At any time during the period commencing from the six (6) month anniversary of the date hereof and ending at such time that all of the Securities may be sold without the requirement for the Company to be in compliance with Rule 144(c)(1) and otherwise without restriction or limitation pursuant to Rule 144 and the Resale Registration Statement is no longer effective, if the Company (i) shall fail for any reason to satisfy the current public information requirement under Rule 144(c) or (ii) has ever been an issuer described in Rule 144(i)(1)(i) or becomes an issuer in the future, and the Company shall fail to satisfy any condition set forth in Rule 144(i)(2) (a “Public Information Failure”) then, in addition to Purchaser’s other available remedies, the Company shall pay to a Purchaser, in cash, as partial liquidated damages and not as a penalty, by reason of any such delay in or reduction of its ability to sell the Securities, an amount in cash equal to two percent (2.0%) of the aggregate Subscription Amount of Purchaser’s Securities on the day of a Public Information Failure and on every thirtieth (30th) day (pro-rated for periods totaling less than thirty days) thereafter until the earlier of (a) the date such Public Information Failure is cured and (b) such time that such public information is no longer required for Purchaser to transfer the Shares and Warrant Shares pursuant to Rule 144. The payments to which a Purchaser shall be entitled pursuant to this Section 5.2 are referred to herein as “Public Information Failure Payments.” Public Information Failure Payments shall be paid on the earlier of (i) the last day of the calendar month during which such Public Information Failure Payments are incurred and (ii) the third (3rd) Business Day after the event or failure giving rise to the Public Information Failure Payments is cured. In the event the Company fails to make Public Information Failure Payments in a timely manner, such Public Information Failure Payments shall bear interest at the rate of 1.5% per month (prorated for partial months) until paid in full. Nothing herein shall limit Purchaser’s right to pursue actual damages for the Public Information Failure, and Purchaser shall have the right to pursue all remedies available to it at law or in equity including, without limitation, a decree of specific performance and/or injunctive relief.

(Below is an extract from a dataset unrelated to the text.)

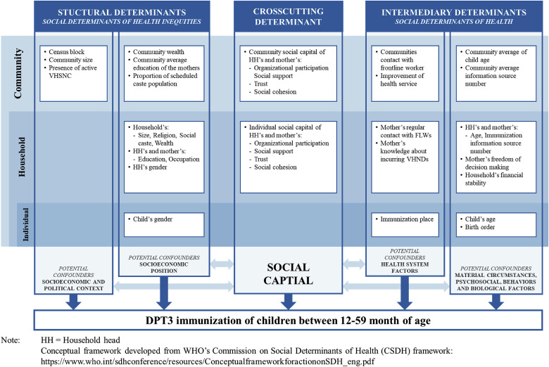 Multilevel mixed-effect logistic regressions were employed to assess the association of social capital measure with DPT3 immunisation, considering individual children as level 1 (e.g., gender was considered an individual-level structural determinant), households as level 2 (e.g., perceived ability of decision making (How much freedom do you have in making personal decisions) and knowledge about immunisation (the number of sources from where the mother received information about immunisation) were included as intermediary determinants), and Gram Panchayats (GPs) or communities as level 3 (e.g., percentage of mothers in the community with regular contact with FLWs was considered an intermediary determinant).

5.3 Non-Public Information. The Company covenants and agrees that neither it, nor any other Person acting on its behalf will provide Purchaser or its agents or counsel with any information that constitutes, or the Company reasonably believes constitutes, material non-public information, unless prior thereto Purchaser shall have consented to the receipt of such information and agreed with the Company to keep such information confidential. The Company understands and confirms that Purchaser shall be relying on the foregoing covenant in effecting transactions in securities of the Company.
5.4 Reservation of Common Stock. As of the date hereof, the Company has reserved and the Company shall continue to reserve and keep available at all times, free of preemptive rights, a sufficient number of shares of Common Stock for the purpose of enabling the Company to issue Warrant Shares pursuant to any exercise of the Warrants.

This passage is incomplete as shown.